(Data for processing Opens)
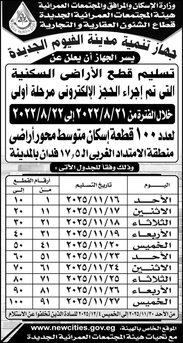 الاعلان عن تسليم قطع الاراضى السكنية طبقا للمنشور بالإعلان التالى بمدينة الفيوم الجديدة
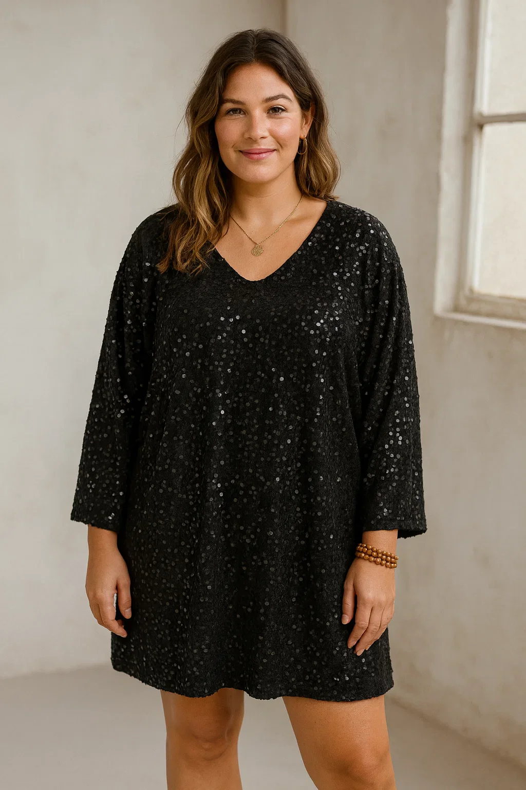 Chère cliente, si vous aimez les pièces lumineuses qui vous mettent en valeur instantanément, cette robe en sequins est faite pour vous. Conçue en taille unique 44 au 50, elle offre une coupe ample et fluide qui vous accompagne avec confort tout en dessinant une silhouette élégante. Son encolure en V apporte une touche féminine tandis que les sequins, parfaitement répartis, créent un scintillement subtil et raffiné.
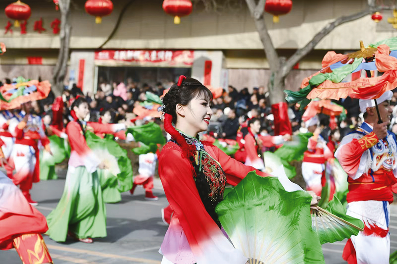 (下图)秧歌队员手持红绿彩扇,踏着欢快的节奏翩跹起舞。
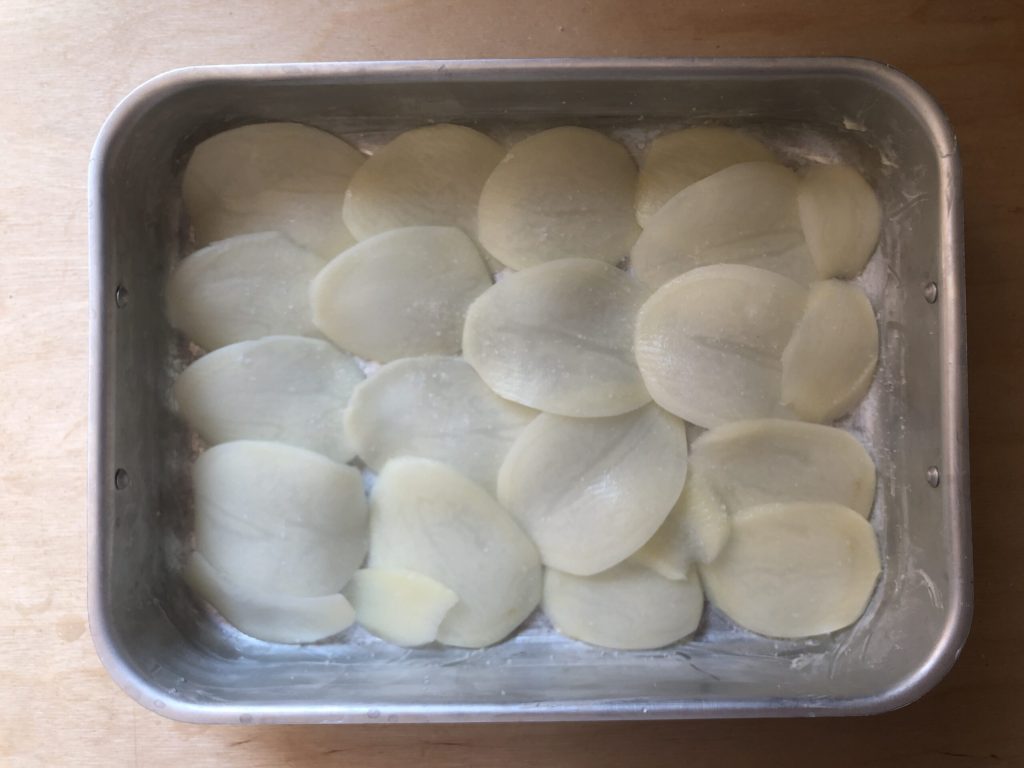 • Den Boden und die Ränder einer Auflaufform mit Butter einfetten und eine erste Schicht mit den Kartoffelscheiben bilden. Nach Belieben salzen.
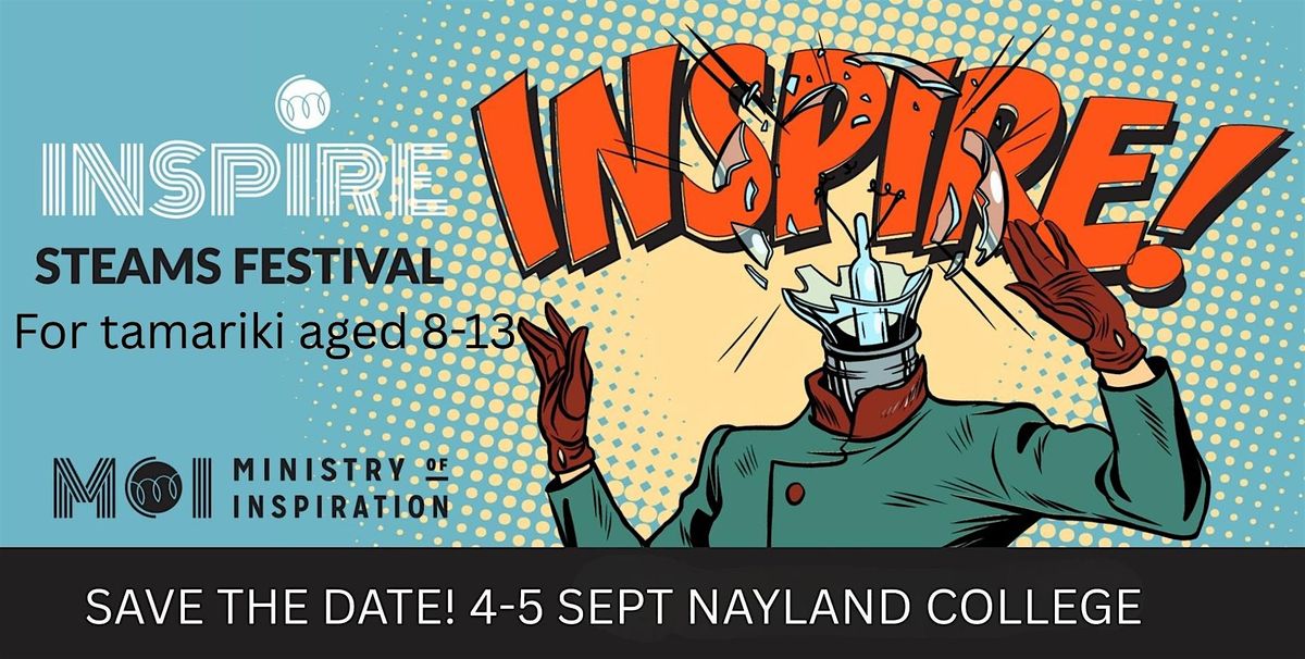INSPIRE Festival 2026 offers two days of student selected challenging discussions and hands-on workshops all focused around STEAMS (Science, Technology, Engineering, Arts, Maths, and Society). This year the festival is being hosted at Nayland College!
(Data for processing Closes)
Every line from the one with "Nach Belieben salzen." to the end of the records above should be restated word for word, and no picture belongs in the copy.

 • Den Boden und die Ränder einer Auflaufform mit Butter einfetten und eine erste Schicht mit den Kartoffelscheiben bilden. Nach Belieben salzen.
INSPIRE Festival 2026 offers two days of student selected challenging discussions and hands-on workshops all focused around STEAMS (Science, Technology, Engineering, Arts, Maths, and Society). This year the festival is being hosted at Nayland College!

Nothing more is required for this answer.